Story: Valkyrja (all chapters)

Authors: Crimsonlotus`

Back to chapter list

Chapter 1

- VALKYRJA -

Black smoke crested the horizon. The sun was dying behind it, sinking low over the shattered trees. In the Southlands ringing the Middle Sea, forests were nothing but a thin scrubland of skeletal trees and thorny bushes - an ardent furnace by day and utter desolation by night. The gunner clasped the cool sandalwood grip of her jezail and drew a laboured breath.

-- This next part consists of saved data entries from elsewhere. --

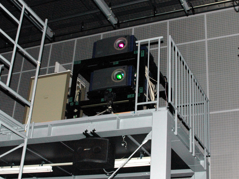 スーパーハイビジョン映像は2台のプロジェクターの投射光を重ねて表示する
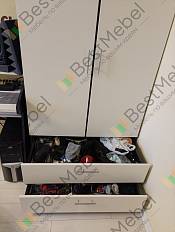 Шкаф хорошего качества за свою цену, большой выбор вариантов внутреннего наполнения. Крепкий, собирать было удобно. Задняя стенка на 1/3 состоит из перегородок, а не как бывает полностью из ДВП. Крепежа и фурнитуры хватило, отверстия просверлены в нужных местах. Изготовили очень быстро. Минус один - много опилок в упаковке, хотя сами детали не крошились. Пленки (покрытие) понравилось, кромки ровные.Заказ 00000203717
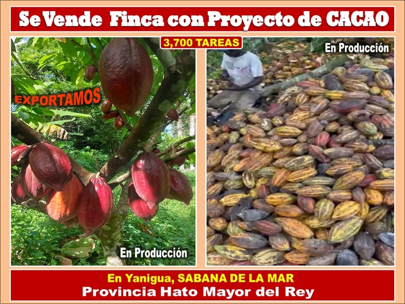 Vendo Finca de 3,700 tareas CON PROYECTO CACAO EN SABANA DE LA MAR (Cacao de Alto Rendimiento)
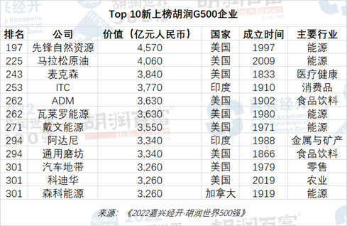 68家公司新进入胡润G500,其中美国能源公司先锋自然资源领先,以4,570亿元的价值直接跃居前200名。其中24家公司成立于2000年以后。
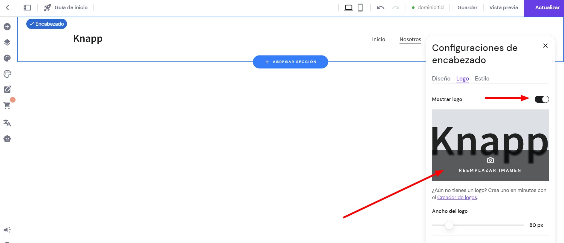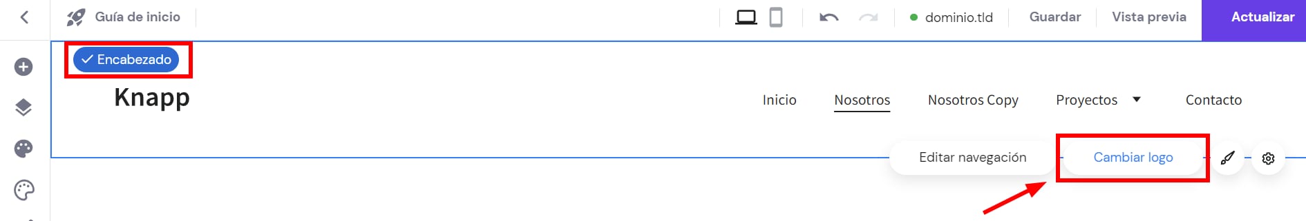 1. Dentro del editor del sitio web, haz clic en la sección del encabezado y selecciona Cambiar logo:

If the blast had been just a few hands closer, it would have rent her body in two. Instead, the force of the detonation had sent her rolling like a child’s marble down a steep incline. Dry, red earth coated the segmented leather plates of her cuirass. There, it mixed with fresh blood, forming a dark paste, smelling of iron.

Blood, she thought. Slowly, deliberately she removed a leather gauntlet and inspected her side. She knew from experience she wouldn’t feel pain until a little after the wound had been produced. It took a few moments of inspection, but finally the dreaded spasm of churning agony lanced through her, travelling like quickened lightning through her spine and between her ears. The cut was deep, the blood flow staunched only by her undershirt and the accumulated dust.

Shrapnel. The gunner exhaled. Coppery blood welled in her mouth. Something was broken inside. Perhaps a rib. She sat up, leaning on her healthy side, using her jezail like a staff to support her weight. A dull ache arced through her shell shocked limbs.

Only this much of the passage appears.